Bart snorted. “You overestimate him. He won’t. When are you meeting him?”
“Three.”
“Okay. Where are you gonna be?”
“I don’t know.”
“All right. Call in at two … or, no, call between two and two-thirty.”
“Okay.”
“Don’t worry. Relax.”
“Okay.” Fred said obediently. He wanted to marry Bart after this conversation. The terrible demons that Holder’s conversation had summoned were gone in an instant, their damp invasion of his soul burned off by the heat of Bart’s energy. For a few hours he went about his business without more than a ripple of worry. But as two o’clock approached he began to get a clear image of what it would mean if Holder didn’t proceed with the contract. He would have no immediate income, and unless Marion was willing to take him back, the expense of finding an apartment in New York would be prohibitive without the guarantee of some money. Of course he could probably return to American Sport (the newsstand sales hadn’t collapsed on his departure, but still he was pretty sure … ) or some other publication, but that was failure. There would be no more Elaine’s, screenings with Tom, poker games at Karl’s, and so on. Sure, supposedly they were all friends now, but he knew, he just knew, that his standing within the circle he now moved would be compromised.

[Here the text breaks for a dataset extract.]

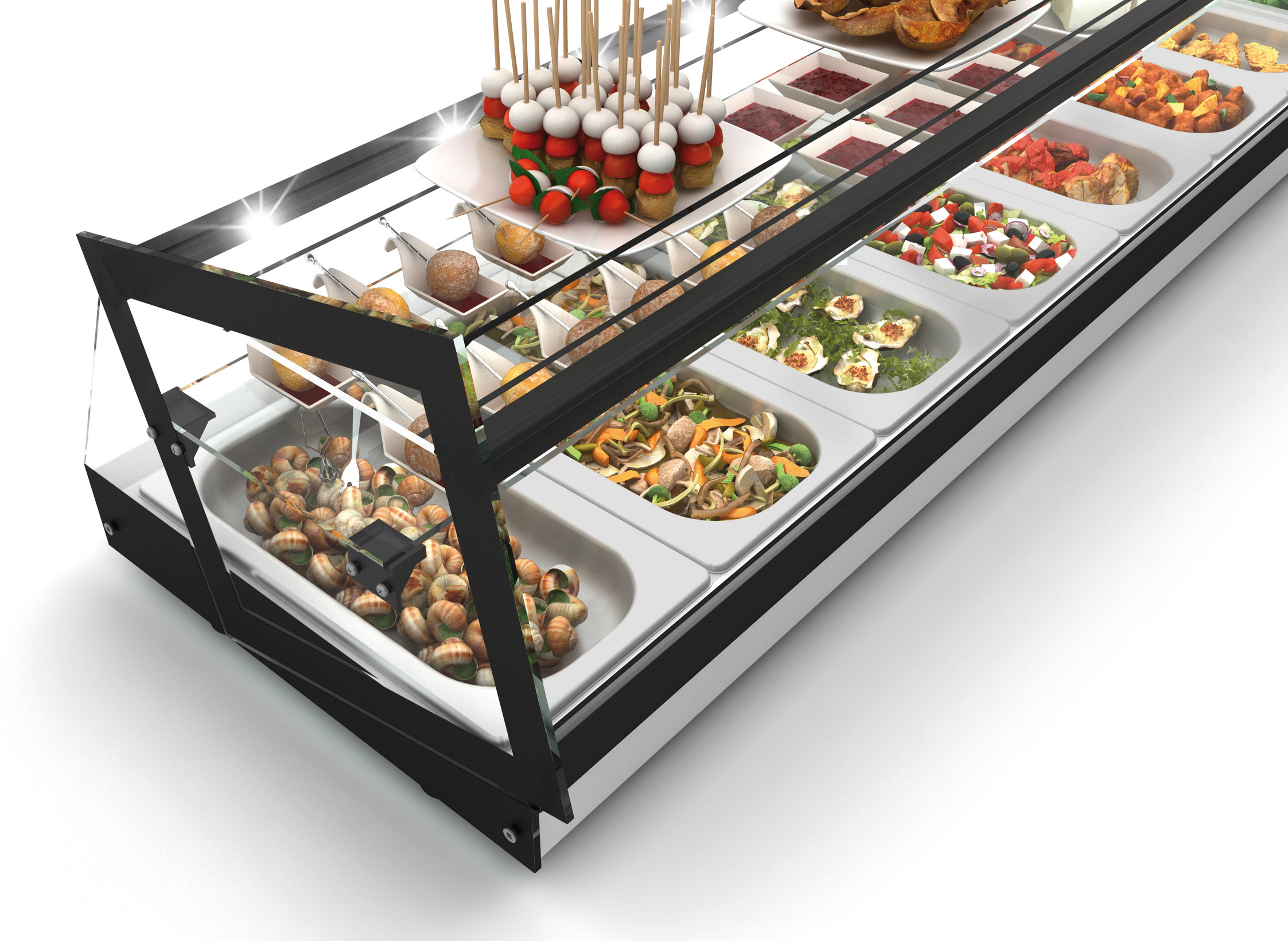 • 3 levels (cooled GN containers, inner glass shelf, top shelf)

And even if he could keep his new social position, would he enjoy it without the right to it? He had loved being a novelist. Working privately at this great project, being asked about its progress by everyone as though it were a public work, a bridge whose completion was eagerly awaited. That would be gone. The independence, the pride in his achievement, all of it removed from the table of life by a hasty waiter, carrying off plates that still had plenty of nourishment on them.
He called Bart at two. His secretary said he was still out at lunch and would call back. “That’s no good,” Fred said. “He can’t reach me. I’ll phone again in ten minutes.” He decided to get uptown for the meeting and try Bart from there. He took a cab, got stuck in traffic, and wasn’t able to find a telephone until two-twenty-five.
“He just got on a long-distance call to London,” she told him. “Call back in ten minutes.”
He waited six.
/>
“Bart said I should tell you he hasn’t heard back from Holder,” she said this time. “He’ll keep trying. Call back in ten minutes.”
Fred’s confidence in Bart, damning up the stormy waters of fear, broke, washed over him, and smashed him against midtown. The busy streets quavered in his vision. The itemized list of his troubles passed before him, wrapping around the buildings like a stock-market ticker tape recording a crash.
When he phoned again at two-fifty, knowing this would be his last chance, he was sure of defeat. “Hold on, Fred,” the secretary said. Even her tone had become urgent and fearful.
“Fred.” Bart said, anxious, a general pinned by enemy fire, trained to fight off panic, “I’ve tried Bob three times. He hasn’t called me back. I don’t think that means anything. Your meeting’s—what?—in a couple of minutes?”
“Yeah.” The sound of his own voice appalled Fred. It was hoarse with dread.
“Call me after you’re done.”
“But …” he began, and then fell silent. Fred breathed hard, as though he could suck in words and thoughts from the air to fill the vacuum that nervousness had made of his brain.
“Yes?” Bart said after a few moments of silence.
“I don’t know.”
“Look, you’d better get to the meeting. Just don’t commit yourself to anything. Listen to me. Report it to me. We’ll discuss it. You don’t have to make any decisions on the spot. Okay?”
“He’s gonna reject the book.”
“You don’t know that. I don’t think he will. He would have called me first. Don’t assume that. Now, come on. Relax. Get going.”
“Okay,” he said, hanging up without a good-bye, like a doctor on call rushing to an emergency. He hustled across the street and into the lobby. At the reception area he was sweating, relieved that he had gotten there a minute before three.
Then Holder kept him waiting a half-hour. During the slow agony of the minutes passing, Fred passed into a state of hopeless resignation. He considered begging Holder for a chance to do a complete rewrite, but he doubted if even that would be accepted.